The disease regulation genes were identified from the GeneCards database. This paper concentrated on analyzing 20 genes out of the total 1530 genes, which were identified as being most relevant and included in the transcriptome based on the Relevance*Score. We found that the genes, including ATM, BRCA2, CASP10, and CCND, significantly differ between the two patient groups (Figure 6(G)). Further, we have carried out cross-correlation by comparing the above-identified genes with the disease-regulated genes. The changes in the expression of the key genes were found to be statistically significant with the changes in the disease-regulated genes. In particular, CD70 and HLA-B showed a very significant direct association (r = 0.829, P = 6.3×10⁻⁶), whereas FXYD2 and CASP10 had a significant negative relationship (r = −0.705, P = 0.00052) (Figure 6(H)).

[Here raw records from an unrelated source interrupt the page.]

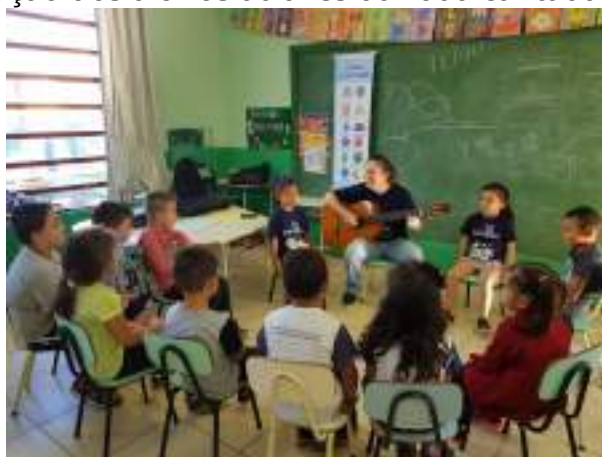
Figura 1 – Apresentação dos alunos através da roda cantada

Os alunos foram organizados em um grande círculo no centro da sala, e foram convidados a se apresentar através de uma canção cantada e tocada com o auxílio do violão pela professora. Os alunos um a um se apresentaram através de gestos no centro do círculo (Figura 1).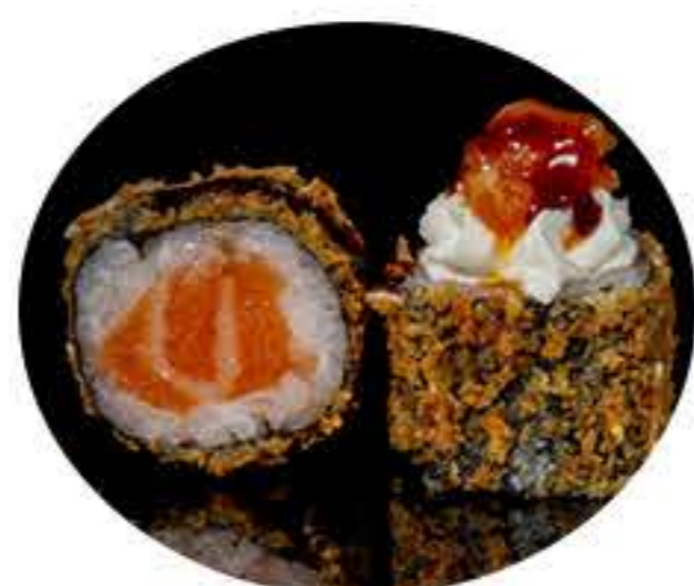
105. Maki de (8u) tempura picante Tempura de salmón, philadelphia, salmón picante, pistacho y salsa anguila 6,95€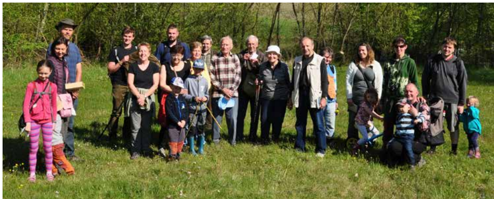
Na podmáčené louce u Heřmanova.

Poutavé vyprávění pokračovalo i v neděli 14. května na exkurzi , kde na 25 zájemců o botaniku navštívilo podmáčené louky v okolí Heřmanova a Kadolce. Zdejší „vlajkovým druhem“ je prstnatec májový, orchidej s fialovými květy a charakteristickým tečkováním listů. Pozorovány byly na třech lokalitách desítky jedinců této chráněné rostliny patřící mezi ohrožené druhy. Dalším zástupcem z chráněných rostlin byl všivec lesní patřící mezi druhy silně ohrožené. Druhová pestrost navštívených luk byla vysoká. Bezmála 40 druhů rostlin na relativně malé ploše všechny překvapilo. K dalším zde vyskytujícím se rostli-

We finally used the mircode database to perform reverse prediction analysis of the key genes, which revealed 64 miRNAs and 142 total mRNA/miRNA interaction pairs. These relationships were shown in Cytoscape (see Supplemental Figure S6A). In the present study, we were interested in the direction of the key genes as the gene set and found out that several common processes, such as transcription factors control them. To pursue these regulation mechanisms, cumulative recovery curves of the transcription factors were performed on the enrichment analysis (Supplemental Figure S6B). Using the Motif-TF annotation and selection, it is evident that the highest value of NES = 5.52 belongs to cisbp__M4723. All the enriched motifs and the transcription factors related to the essential genes have been included here (Supplemental Figure S6C).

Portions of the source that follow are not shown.